Exercise instructions: Please copy out the entries below exactly, beginning with the line that contains "We had another" and ending with the line that contains "Легка та тепла", and include nothing outside that span.

Entries provided:
Start of Block

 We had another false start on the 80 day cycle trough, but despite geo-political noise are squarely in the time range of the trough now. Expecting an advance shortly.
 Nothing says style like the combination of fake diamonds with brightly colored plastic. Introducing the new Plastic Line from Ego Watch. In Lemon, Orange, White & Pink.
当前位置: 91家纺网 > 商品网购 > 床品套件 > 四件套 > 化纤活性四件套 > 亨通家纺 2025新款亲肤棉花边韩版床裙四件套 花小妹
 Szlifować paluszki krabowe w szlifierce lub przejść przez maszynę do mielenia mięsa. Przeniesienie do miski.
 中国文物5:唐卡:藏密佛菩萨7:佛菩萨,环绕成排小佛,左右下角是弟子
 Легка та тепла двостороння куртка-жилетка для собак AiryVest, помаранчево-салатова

End of Block
Start of Block

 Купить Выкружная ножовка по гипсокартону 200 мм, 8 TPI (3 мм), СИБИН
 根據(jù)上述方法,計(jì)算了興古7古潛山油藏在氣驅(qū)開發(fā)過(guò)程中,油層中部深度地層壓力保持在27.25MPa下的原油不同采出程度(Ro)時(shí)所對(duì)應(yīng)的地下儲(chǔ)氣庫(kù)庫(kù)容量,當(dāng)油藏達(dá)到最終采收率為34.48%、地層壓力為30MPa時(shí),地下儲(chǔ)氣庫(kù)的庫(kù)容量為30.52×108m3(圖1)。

End of Block

Solution for this problem:
 We had another false start on the 80 day cycle trough, but despite geo-political noise are squarely in the time range of the trough now. Expecting an advance shortly.
 Nothing says style like the combination of fake diamonds with brightly colored plastic. Introducing the new Plastic Line from Ego Watch. In Lemon, Orange, White & Pink.
当前位置: 91家纺网 > 商品网购 > 床品套件 > 四件套 > 化纤活性四件套 > 亨通家纺 2025新款亲肤棉花边韩版床裙四件套 花小妹
 Szlifować paluszki krabowe w szlifierce lub przejść przez maszynę do mielenia mięsa. Przeniesienie do miski.
 中国文物5:唐卡:藏密佛菩萨7:佛菩萨,环绕成排小佛,左右下角是弟子
 Легка та тепла двостороння куртка-жилетка для собак AiryVest, помаранчево-салатова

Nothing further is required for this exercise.